■ EXERCISE GOAL ■
Beginning at the line that contains "November: Holzspinnrad aus" and finishing at the line that contains "东风公司副总经理、东风有限副", output the data below exactly. Include both end lines and no pictures.

■ PROVIDED RECORDS ■
● ● ● ●
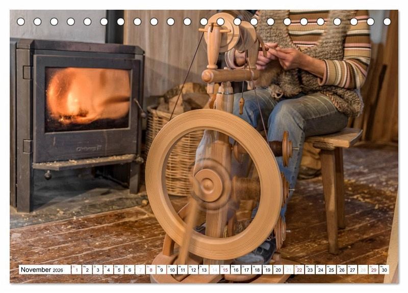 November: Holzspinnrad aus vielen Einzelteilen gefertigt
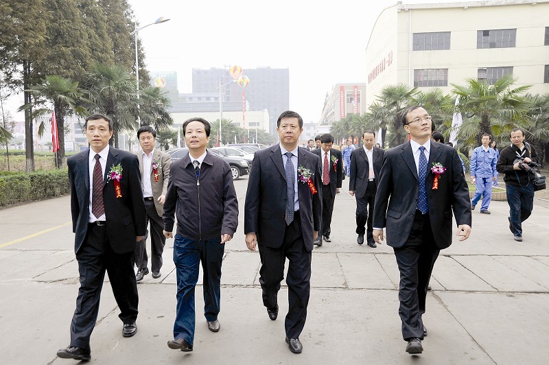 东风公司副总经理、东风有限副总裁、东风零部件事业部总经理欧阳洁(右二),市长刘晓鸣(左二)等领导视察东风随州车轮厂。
● ● ● ●
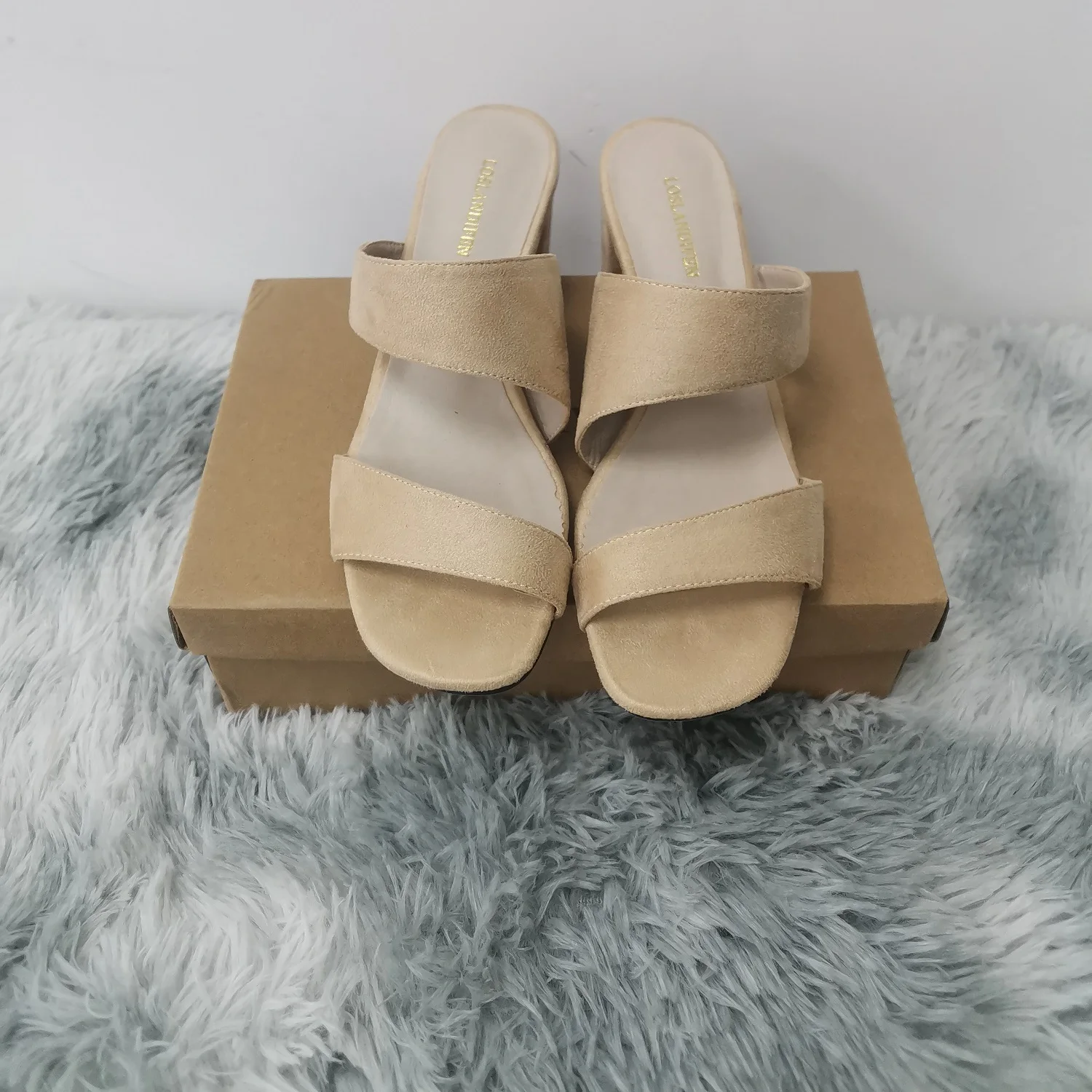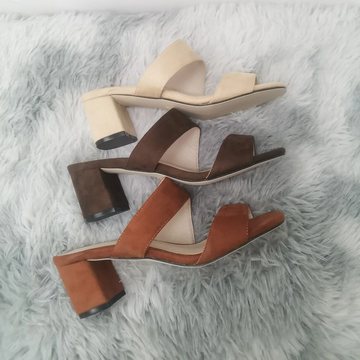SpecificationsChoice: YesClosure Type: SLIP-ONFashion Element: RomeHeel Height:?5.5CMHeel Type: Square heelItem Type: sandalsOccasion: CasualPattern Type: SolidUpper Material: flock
● ● ● ●
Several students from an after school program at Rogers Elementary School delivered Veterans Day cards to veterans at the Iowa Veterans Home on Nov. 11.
● ● ● ●
■ OUTPUT FOR THIS EXERCISE ■
 November: Holzspinnrad aus vielen Einzelteilen gefertigt
 东风公司副总经理、东风有限副总裁、东风零部件事业部总经理欧阳洁(右二),市长刘晓鸣(左二)等领导视察东风随州车轮厂。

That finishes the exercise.